Лабунский круто повернулся на своем соломенном ложе. Самокрутка вспыхнула и ярко осветила на одно короткое мгновенье его напряженное, решительное, жесткое лицо.

— Авк! — почти крикнул он, — а вы и не чуете?

— Не чую!

— Так слушайте, черт возьми! Старик ваш прав. «Чапанный» бунт — дурацкая затея. Рву с кулачьем. Сегодня же еду в Самару. Завтра начинаю служить в Красной Армии...

— Да возьмут ли вас?

— Ого! Тряхну Карбышева, Азанчеева... Возьмут! А тогда...

— Ну?

— Тогда мы свалим Карбышева.

— Каким образом?

— Вы напишете в Москву...

— В Москву?

— Да. Величке в ГВИУ. Моя жена отвезет письмо. Величко растает и...

— Ваша жена?

— Ну, да... Моя новая жена...

— Не знал, — поздравляю!

— Софья Борисовна... Артистка оперетты... Сейчас она — в Самаре. Но только...

— Что?

— Только надо, чтобы жалоба на Карбышева шла не от одного вашего лица. Ведь не вам одному он грубил?..

— Конечно! — восторженно подхватил Батуев. — После рекогносцировки Волжской Луки он даже следствия требовал... Есть люди, есть!..

— И отлично! — сказал Лабунский. — Жена поедет в Москву, ей надо по театральным делам. Возьмет письмо. И Карбышева мы спихнем. Я сяду начинжем района. Вы ко мне помощником... Теперь чуете?

— Пожалуй, да!

— С ложью-то, господа, весь свет пройти можно, — вдруг заговорил дядя Максим, входя в избу и видя, что постояльцы его не спят, — да зато уж назад николи не воротишься...

— Брысь! — рявкнул Лабунский.

* * *

Эсеры врали: будто едет главарь, будто приехал, будто храбрее его на свете нет.

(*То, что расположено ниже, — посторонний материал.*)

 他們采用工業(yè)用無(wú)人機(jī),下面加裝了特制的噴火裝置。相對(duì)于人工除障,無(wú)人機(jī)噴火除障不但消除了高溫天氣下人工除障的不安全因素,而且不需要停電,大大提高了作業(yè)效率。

Но кулаки уже не верили. «Смылся, пужливый черт!» — с ненавистью кричали они. Было ясно, что медлить больше нельзя ни часу. Колчак открыл наступление на фронте в шестьсот километров. Белые захватили Уфу. Пятая армия, измученная, обескровленная, почти не сопротивляясь, откатывалась к Волге. И вот в то самое время, когда значение волжских укрепленных позиций могло стать решающим фактором борьбы, огонь восстания вспыхнул под Самарой, перекинулся к Сызрани, Сенгилею, Ставрополю, Мелекесу и заполыхал по всему Самарскому укрепленному району сплошным пожаром стычек, схваток между красноармейскими отрядами и бандами повстанцев-чапанов. «Ур» становился западней. Надо было как можно скорее раздавить мятеж, вожаков выловить, а шайки истребить. Задача не из легких...

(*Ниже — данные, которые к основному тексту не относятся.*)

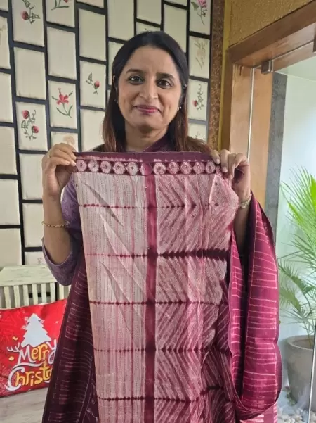 Beautiful shibori printed saree with cut work highlighting and sequence mirror detailing along with blouse.

«Особый» отряд двигался на восток от Несмышляевки по незнакомым местам, без путей, целиной. Ныряя между сугробами, подхлестываемые вьюгой, люди тянулись гуськом, даже и не пытаясь разговаривать. Ветер срывал слова с их губ и отшвыривал в такую даль, что от слов ничего не оставалось. Зато какой-то странный звук, далекий и печальный, плыл над полем, заполняя весь его простор, и тогда чудилось, будто плачет воздух. Так они тащились долго, очень долго, пока не втянулись в лес...

На равнине свистело в полную мочь. Буран все усиливался, и ветер метался над полем, как неоглядная стая обезумевших от страха гигантских птиц. А в лесу было тихо. Качались только верхушки деревьев, бросая вниз комья снега и чуть-чуть поскрипывая. На полянах же царствовал покой. День кончался.

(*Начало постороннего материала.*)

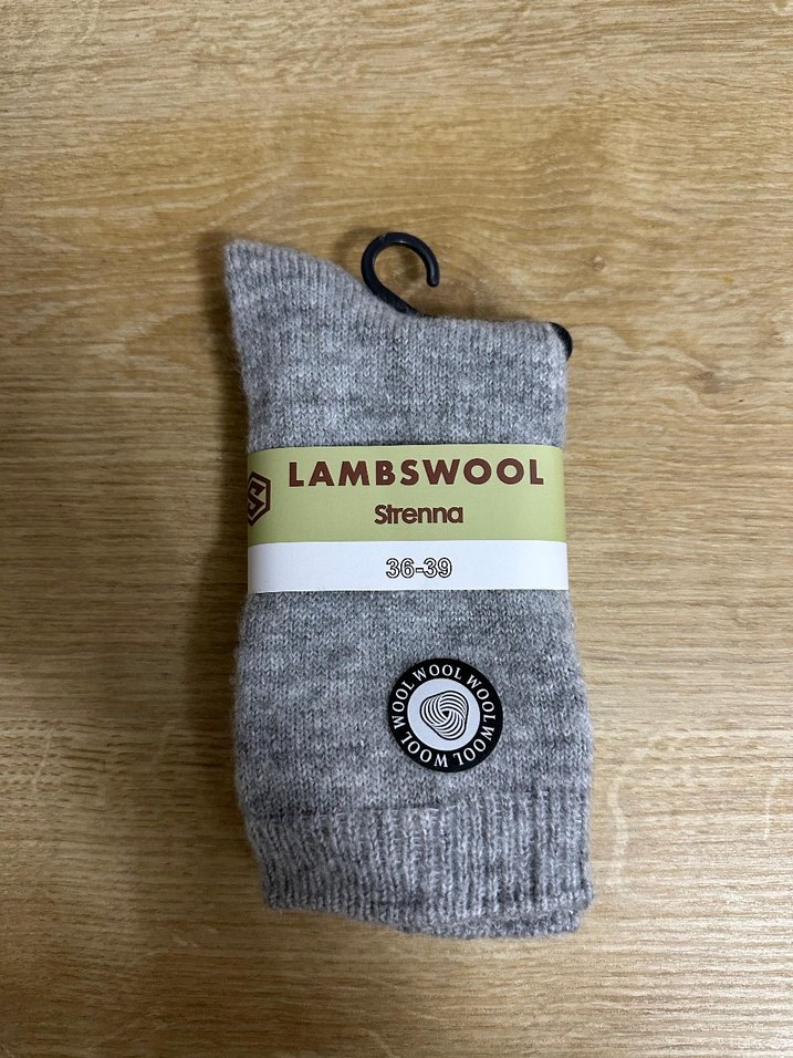 Yumuşak kuzu yünü kumaştan yapılmış, gri renkli, normal boy ve dar kesim erkek çorabı. Marka: Strenna.

Лес все глубже и глубже проваливался во тьму. Он уже не казался обыкновенным лесом, какой всякому встречался сто раз; ночь постепенно превращала его в непостижимо-враждебную, жестокую тайну, подстерегавшую свои жертвы грозным уменьем губить без следа. Однако стемнело еще не вполне. Привычные глаза кое-что различали. И, хорошенько всмотревшись, можно было разглядеть впереди черную линию широкого лога.

— Стой! — тихо сказал командир «особого» отряда, — здесь, товарищи, разберемся...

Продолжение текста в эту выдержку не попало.